Very easily, as described in my book and as Spring does. Spring offers a non JDBC-specific exception hierarchy with subclasses of DataAccessException such as InvalidDataAccessResourceUsage. This in turn has JDBC-specific subclasses such as BadSqlGrammarException. We can have further RDBMS-specific subclasses as well if necessary, for example to support databases that can actually tell us which table name or column name was invalid. Application code typically catches only generic exceptions to ensure that DAOs aren't dependent on JDBC, but the exception subclasses thrown (and shown in stack traces) will carry all the information about the problem that was available.

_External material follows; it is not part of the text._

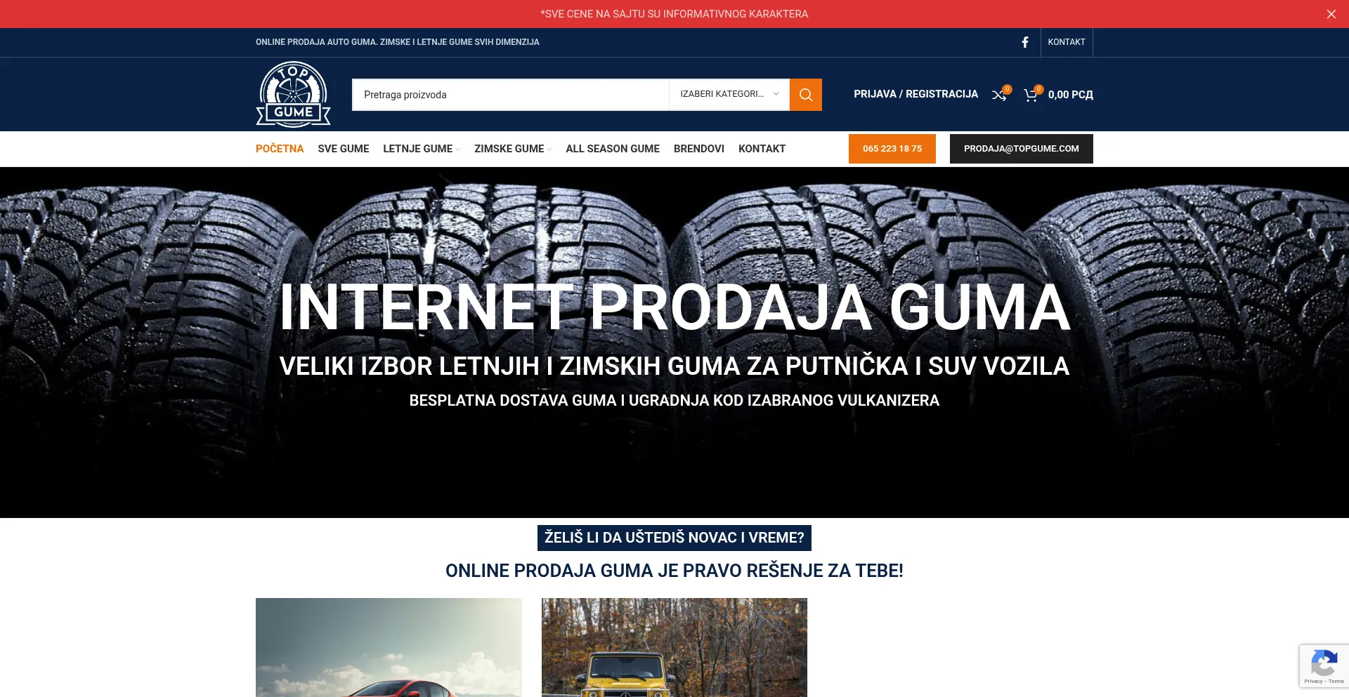Internet prodaja guma. Prodaja zimskih i letnjih guma za sva vozila.

Spring does the mapping to its own hierarchy by looking at the Connection metadata when it first connects to a database and looking up an XML file. This now supports all major databases out of the box (although we welcome contributions of new code mappings). Alternatively the user can provide a custom SQLExceptionTranslator to gather all RDBMS-specific code in one place.
Regards,
Rod -
SQLExecutor exception hierarchy[ Go to top ]
- Posted by: jeff smith
- Posted on: September 05 2003 16:55 EDT
- in response to Rod Johnson
Very easily, as described in my book and as Spring does. Spring offers a non
>JDBC-specific exception hierarchy with subclasses of DataAccessException such
>as InvalidDataAccessResourceUsage. This in turn has JDBC-specific subclasses
I really like your book, J2EE Design and Development, and your Spring Framework is a good framework. I just prefer the simplicity and concise code I write when using SQLExecutor.
With regards to an exception throwing mechanism, I guess it comes down to a matter of personal preference. Spring does have a flexible mechanism--your exception hierarchy (the 15 classes listed in your book).
But I believe SQLExecutor's exception throwing mechanism (namely implementing abstract methods in a database specific subclass) is easier to learn and extend. I've had a couple people write to me saying they have extended the framework to support other databases (DB2 and SQLServer).
I'm not sure either of us can empirically prove that one mechanism is superior to the other. That is the beauty of there being more than one JDBC framework--many people will choose Spring, and many people have emailed me saying they are using SQLExecutor.
Either framework is vastly better than writing verbose, and clumsy JDBC code.
I appreciate your feedback, Rod, and look forward to your next book.
Best regards,
Jeff -
SQLExecutor exception hierarchy[ Go to top ]
- Posted by: Rod Johnson
- Posted on: September 06 2003 03:22 EDT
- in response to jeff smith
Jeff,
Either framework is vastly better than writing verbose, and clumsy JDBC code.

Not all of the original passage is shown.